Amazon has come out swinging with its own iteration of video game streaming. It seems odd for Amazon, the developer of free-to-play multiplayer shooter Crucible and MMO New World, plans to come out with a game streaming service when it can’t find the correct formula for how a game works. Regardless of their reasoning, maybe they’re trying to enter a more familiar niche that they’re aware of how to navigate. How does it compare to Google’s Stadia service or Microsoft’s xCloud? Let’s compare all three.
Amazon’s Luna video game streaming service will operate for Fire TV, computers, Macs, tablets, and smartphones. A subscription, called Luna Plus, will cost $5.99 every month to use the service. However, when it initially launches, it will only be available to those invited to participate in the service. It won’t be openly accessible to everyone interested in testing it out. You can use a PlayStation 4 or Xbox One controller, but a Luna controller will be released to the market for $50.
You will be able to stream games that reach 1080p resolution and 60 frames per second, with 4K support teased to arrive at a later date. There are a lot of “coming soon” promises from Amazon. The full list of games is coming soon, with Control being chief among them. An Ubisoft channel will even feature Assassin’s Creed Valhalla. Additionally, Luna will have Twitch integration so streamers can directly share their gameplay with their followers. Any follower who subscribes to Luna while watching a Twitch streamer can instantly switch from watching the game to playing it.
Anyone wishing to use Luna will want to have at least an internet connection of at least 10Mbps. If you’re going to play games in 4K when it does release, you need to increase this requirement to 35Mbps. At this time, there is no official release date for Luna. It’s “coming soon.”
Google Stadia and Amazon Luna are somewhat on par with one another. Both of them allow you to stream games to your favored devices using a secure, reliable internet connection. Unlike Luna, you can choose to purchase a game on Stadia for its full price and stream it anywhere. Alternatively, you can go with the Stadia Pro option, Google’s subscription service, for $9.99 each month. You can play it on Google Chromecast Ultra, a Chrome browser connected to a Google account, and Android phones with the Stadia application on them.

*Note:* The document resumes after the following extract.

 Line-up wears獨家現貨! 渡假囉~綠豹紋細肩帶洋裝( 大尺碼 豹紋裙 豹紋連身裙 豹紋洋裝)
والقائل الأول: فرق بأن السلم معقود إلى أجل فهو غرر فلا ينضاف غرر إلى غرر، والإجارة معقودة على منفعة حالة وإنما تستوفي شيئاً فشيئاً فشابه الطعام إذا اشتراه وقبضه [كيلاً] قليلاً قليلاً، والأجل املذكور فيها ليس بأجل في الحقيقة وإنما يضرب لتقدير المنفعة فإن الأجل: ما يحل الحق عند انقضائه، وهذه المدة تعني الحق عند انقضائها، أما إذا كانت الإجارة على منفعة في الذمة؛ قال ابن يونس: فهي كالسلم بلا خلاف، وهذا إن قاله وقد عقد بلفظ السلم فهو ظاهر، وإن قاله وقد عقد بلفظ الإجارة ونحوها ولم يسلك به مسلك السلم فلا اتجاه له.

The service comes with a rotation of games that change each month, and you can buy them to stream directly to your chosen device at 4K. The list of games available on the streaming service continues to grow, with notable titles like Assassin’s Creed Odyssey, Borderlands 3, Doom Eternal, Mortal Kombat 11, PUBG, Red Dead Redemption 2, and several more. While playing, you can directly stream them to YouTube, and those watching videos of a game online can jump straight into the game while watching it on their recommended platform with the push of a button. Stadia wants to help propel YouTube streaming forward, and the best way to do this is by having seamless integration.

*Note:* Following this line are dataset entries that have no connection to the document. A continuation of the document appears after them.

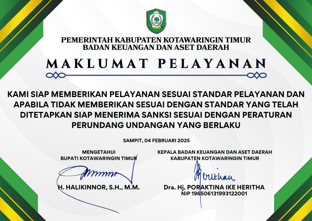 Sebagai bentuk komitmen terhadap peningkatan kualitas pelayanan publik, Badan Keuangan dan Aset Daerah (BKAD) Kabupaten Kotawaringin Timur telah menetapkan Standar Pelayanan yang menjadi pedoman dalam penyelenggaraan pelayanan di lingkungan BKAD.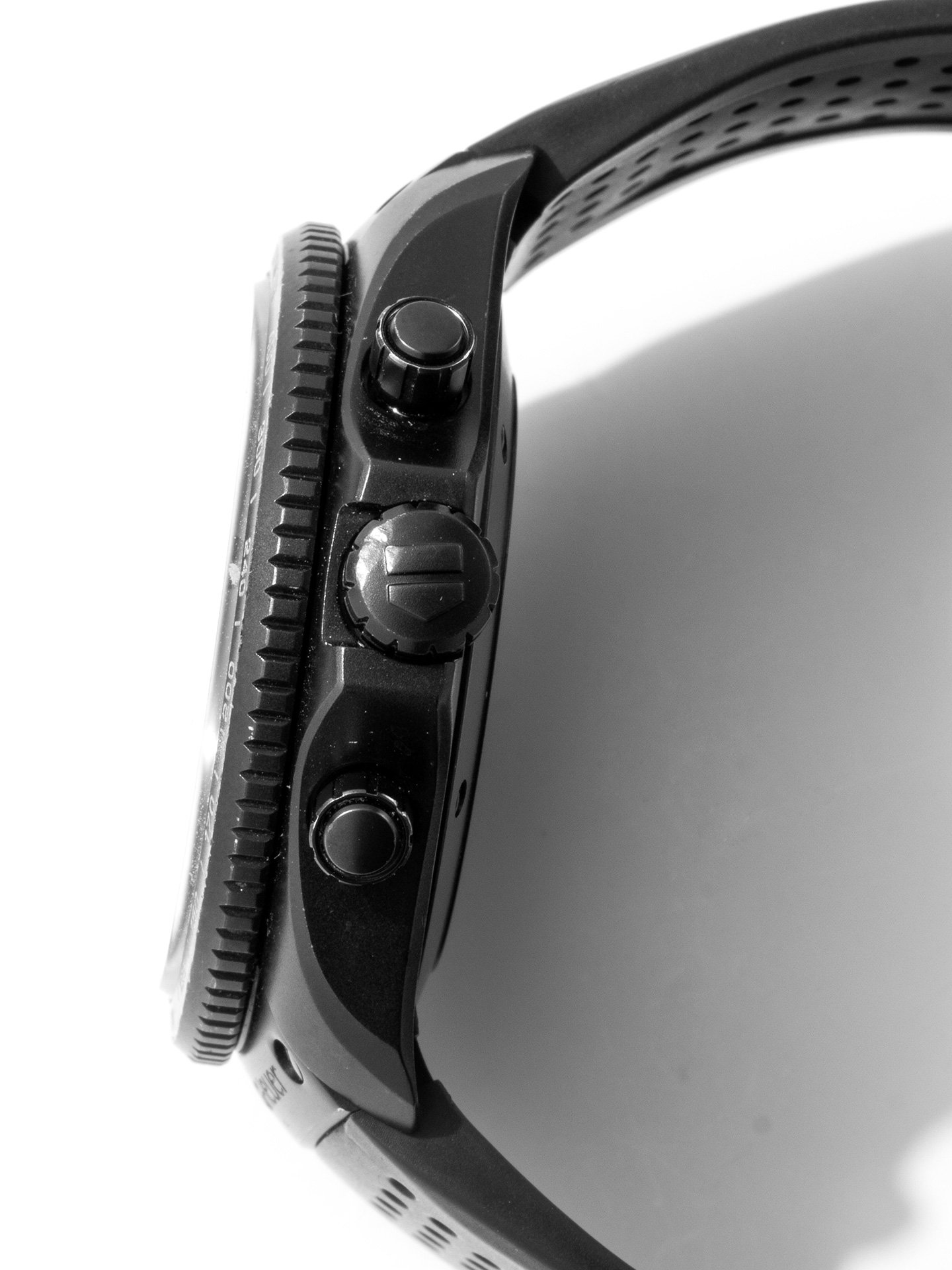 PVD Titanium Tag Heuer CAV518B.FT6016 watch, water resistance to 100m, with date, chronograph, tachymeter, and rubber strap.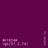 Цвет #61024A в цветовой модели RGB обозначается тремя октетами (97, 2, 74) в десятичном формате и #61024A в шестнадцатиричном (hex) формате, которые являются интенсивностью красного 97 (hex 61), интенсивность зелёного 2 (hex 02) и интенсивность синего 74 (hex 4A).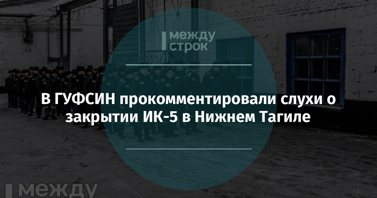 Недавно в социальных сетях и профильных пабликах стали появляться сообщения об этапировании заключённых из исправительной колонии № 5 в Нижнем Тагиле с последующим её закрытием. Однако в пресс-службе ГУФСИН России по Свердловской области рассказали АН «Между строк», что информация о закрытии не соответствует действительности.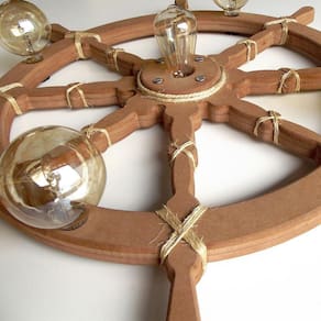 Lustre luminária pendente 85cm leme de navio rústico 5b Lindo para decorar em cima de uma mesa de jantar, hall de entrada área de churrasco, ambientes como áreas de garagem, garagens com bar, chácara, decorar festas, lanchonetes, casa de campo, pousadas entre outras. Deixando seu ambiente ainda mais agradável. Garantimos a qualidade de nossos produtos Nossos produtos são de fabricação própria cortadas com cnc router que nos traz medidas e ângulos perfeitos nosso acabamento é feito à mão, são envernizados com verniz de alta resistência e durabilidade dando assim um ótimo acabamento. Características da luminária: - dimensões: - diâmetro 85 cm - peso do produto 5 kg - espessura 3 cm - bocais 5- material: mdf medium density fiberboard - mdf ecologicamente correto com certificado fsc de alta qualidade - cor: mogno - nível de instalação: fácil - garantia de 12 meses contra defeitos de fabricação Conteúdo da embalagem: - ganchos sim- soquetes sim- base para teto sim - corda sim- fios sim- lâmpadas não Os objetos decorativos não acompanham o produtoA voltagem depende da lâmpada 100/220 vAs lâmpadas não acompanham o produto Marca: Eco.Start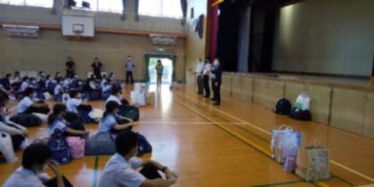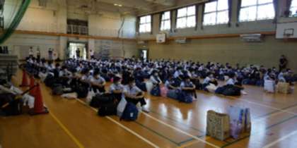 無事に学校に戻ってきました。体育館で帰校式を終え下校します。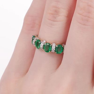 Кольцо с 30 бриллиантами природными, 0.25 карат, огранка круг 57 граней, цвет 3, чистота 6, тип огранки А; 5 изумрудами природными, 1.45 карат, цвет 3, чистота 3, тип огранки Б; Желтое золото 585 пробы.

Much like Luna, you will want at least a 10Mbps internet connection, but it’s best to have 35Mbps for the best results. Stadia’s initial launch had been a rocky one, with many players noticing serious gameplay lag issues and framerate drops.

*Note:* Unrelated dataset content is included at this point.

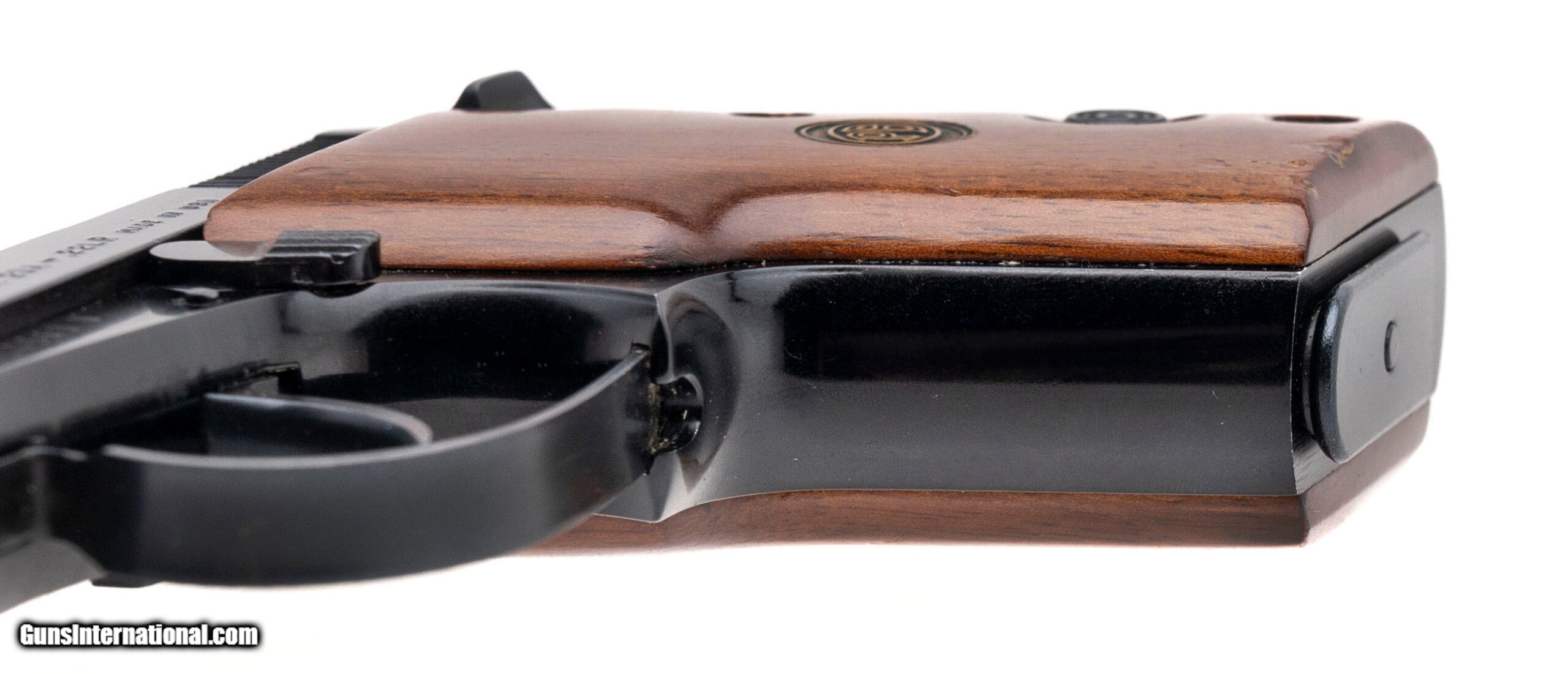 Description: "SN: BAS21563U. 1990's production .22LR with a 2.4"" barrel. Pocket pistol with flip up barrel, blue finish and wood grips. Very good condition with box. SOLD |

Microsoft’s xCloud is the third video game streaming service you may want to consider. It’s directly bundled with the Xbox Game Pass Ultimate subscription, which goes for $14.99 per month. It comes with a mountain of content on the Xbox Game Pass, and with Microsoft’s latest acquisition of Bethesda, Game Pass looks all the sweeter. Despite it being a Microsoft product, it has been available on Android devices since September 15. Any sort of iOS integration will be happening later,.
Your Android devices will need to have the Android 6.0 Marshmallow update, and at least Bluetooth 4.0 version to stream the games. To start streaming these games to your devices, download the xCloud application from the Google Play Store to give it a try. You will also want to attach a compatible controller to work with the games. Much like Luna and Stadia, a 10Mpbs internet speed connection is required, and it’s recommended to have an LTE and 5G tower in range.
You won’t have to buy any of the games at full price to play them. They’re all available through the Game Pass subscription, and the list for the game pass only grows as Microsoft builds an entire library of content on it.
Of the three, Microsoft’s xCloud offers the most games and likely the best bang for your buck out there. Unlike Luna and Stadia, the xCloud service was not created to outdo console gaming but serve as an alternative for those who couldn’t purchase the latest console. With how much has gone into the Xbox Game Pass over the past few years, it’s a smart move by Microsoft, and the list only continues to grow to build on that fierce reputation.